### What you need to do
Two lines mark the range in the entries below: the one holding "Figure 7 Correspondence" and the one holding "Ο προσωπικός γιατρός". Set down those two and all lines between them, exactly.

### Exercise data
◆ ◆ ◆ ◆ ◆ ◆ ◆

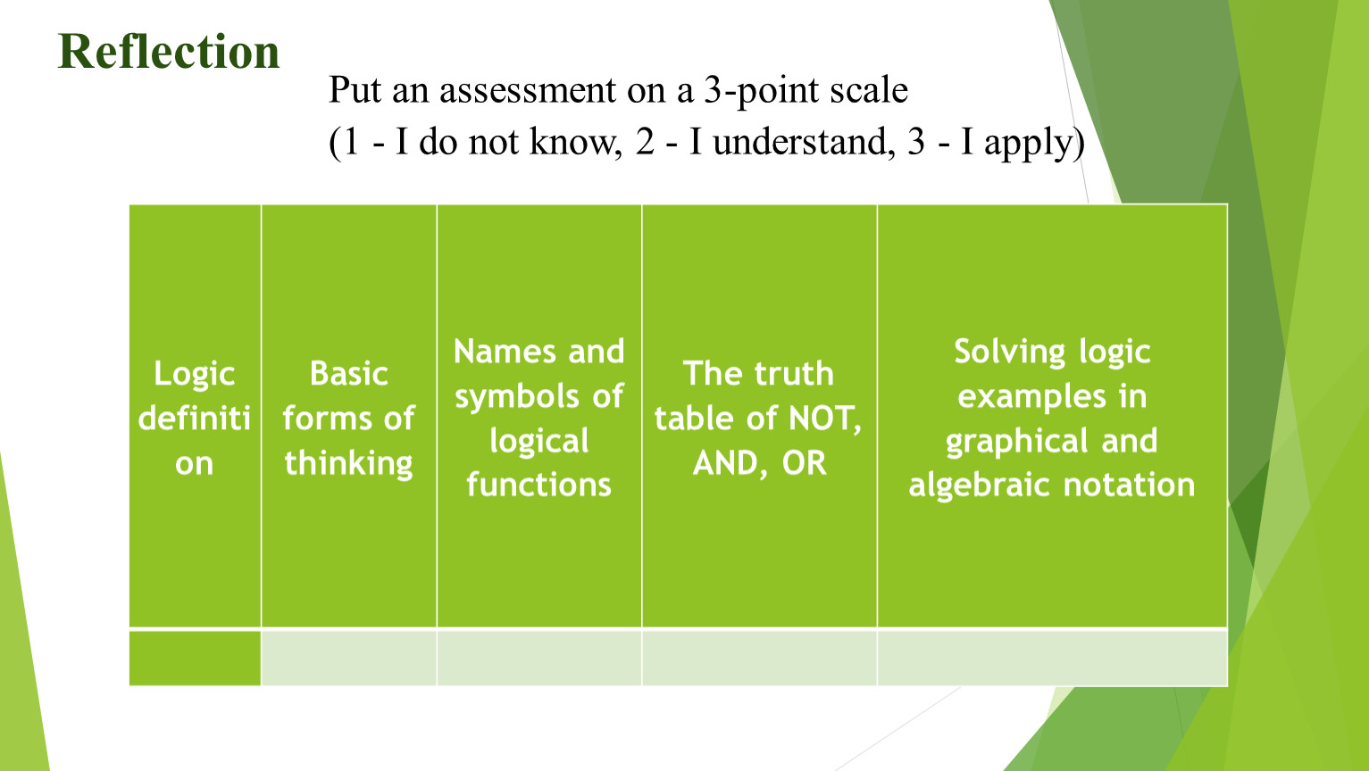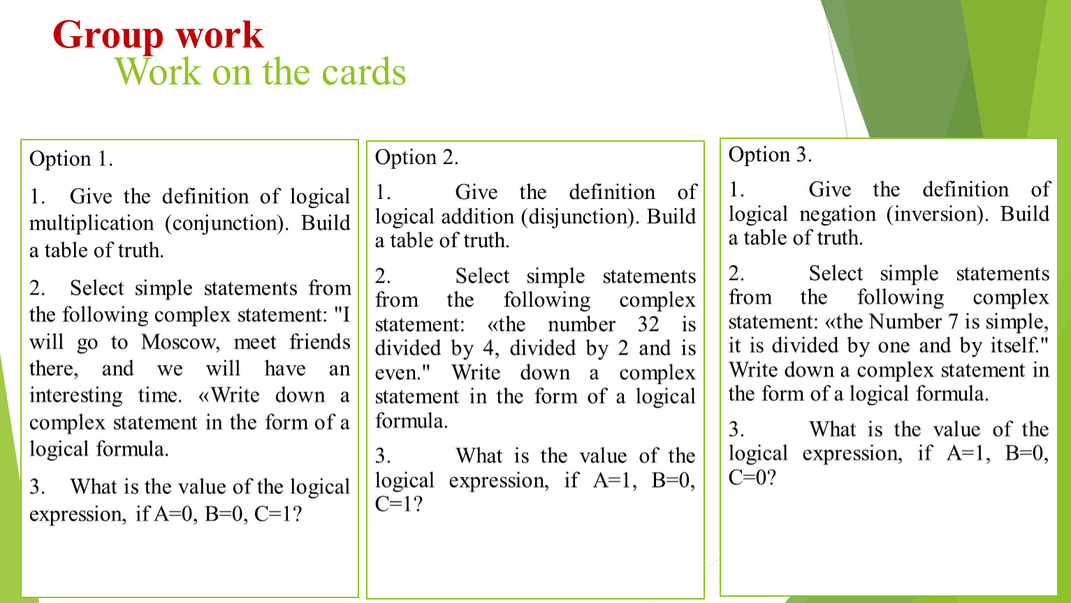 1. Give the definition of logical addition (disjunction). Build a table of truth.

◆ ◆ ◆ ◆ ◆ ◆ ◆

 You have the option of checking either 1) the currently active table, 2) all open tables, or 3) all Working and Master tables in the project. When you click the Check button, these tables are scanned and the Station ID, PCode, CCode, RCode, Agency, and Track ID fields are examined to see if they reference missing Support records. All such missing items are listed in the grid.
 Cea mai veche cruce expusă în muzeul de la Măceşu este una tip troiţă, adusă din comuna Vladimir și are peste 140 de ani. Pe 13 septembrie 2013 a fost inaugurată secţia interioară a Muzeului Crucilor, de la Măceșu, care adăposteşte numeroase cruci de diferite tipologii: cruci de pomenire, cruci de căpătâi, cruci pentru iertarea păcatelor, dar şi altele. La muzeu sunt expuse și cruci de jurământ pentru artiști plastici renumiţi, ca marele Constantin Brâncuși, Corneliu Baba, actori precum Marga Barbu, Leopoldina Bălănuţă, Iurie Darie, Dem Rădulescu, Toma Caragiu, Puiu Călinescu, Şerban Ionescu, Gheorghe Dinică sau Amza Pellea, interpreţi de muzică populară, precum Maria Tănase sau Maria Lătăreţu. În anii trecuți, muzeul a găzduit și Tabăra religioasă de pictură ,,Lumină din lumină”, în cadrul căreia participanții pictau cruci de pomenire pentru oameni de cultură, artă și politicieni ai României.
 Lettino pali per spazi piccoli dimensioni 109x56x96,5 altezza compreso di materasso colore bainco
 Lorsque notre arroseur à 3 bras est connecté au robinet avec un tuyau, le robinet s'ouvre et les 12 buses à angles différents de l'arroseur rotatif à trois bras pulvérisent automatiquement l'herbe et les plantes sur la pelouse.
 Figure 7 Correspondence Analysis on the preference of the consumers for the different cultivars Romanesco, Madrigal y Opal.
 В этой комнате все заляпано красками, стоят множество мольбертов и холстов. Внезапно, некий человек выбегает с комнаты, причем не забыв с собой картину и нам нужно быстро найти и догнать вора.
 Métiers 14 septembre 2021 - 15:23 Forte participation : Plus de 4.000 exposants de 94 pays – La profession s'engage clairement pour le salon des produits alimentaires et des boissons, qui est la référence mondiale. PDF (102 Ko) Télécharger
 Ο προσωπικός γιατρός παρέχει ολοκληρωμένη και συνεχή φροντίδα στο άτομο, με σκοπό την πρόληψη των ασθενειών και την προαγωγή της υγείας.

◆ ◆ ◆ ◆ ◆ ◆ ◆

### Your response
 Figure 7 Correspondence Analysis on the preference of the consumers for the different cultivars Romanesco, Madrigal y Opal.
 В этой комнате все заляпано красками, стоят множество мольбертов и холстов. Внезапно, некий человек выбегает с комнаты, причем не забыв с собой картину и нам нужно быстро найти и догнать вора.
 Métiers 14 septembre 2021 - 15:23 Forte participation : Plus de 4.000 exposants de 94 pays – La profession s'engage clairement pour le salon des produits alimentaires et des boissons, qui est la référence mondiale. PDF (102 Ko) Télécharger
 Ο προσωπικός γιατρός παρέχει ολοκληρωμένη και συνεχή φροντίδα στο άτομο, με σκοπό την πρόληψη των ασθενειών και την προαγωγή της υγείας.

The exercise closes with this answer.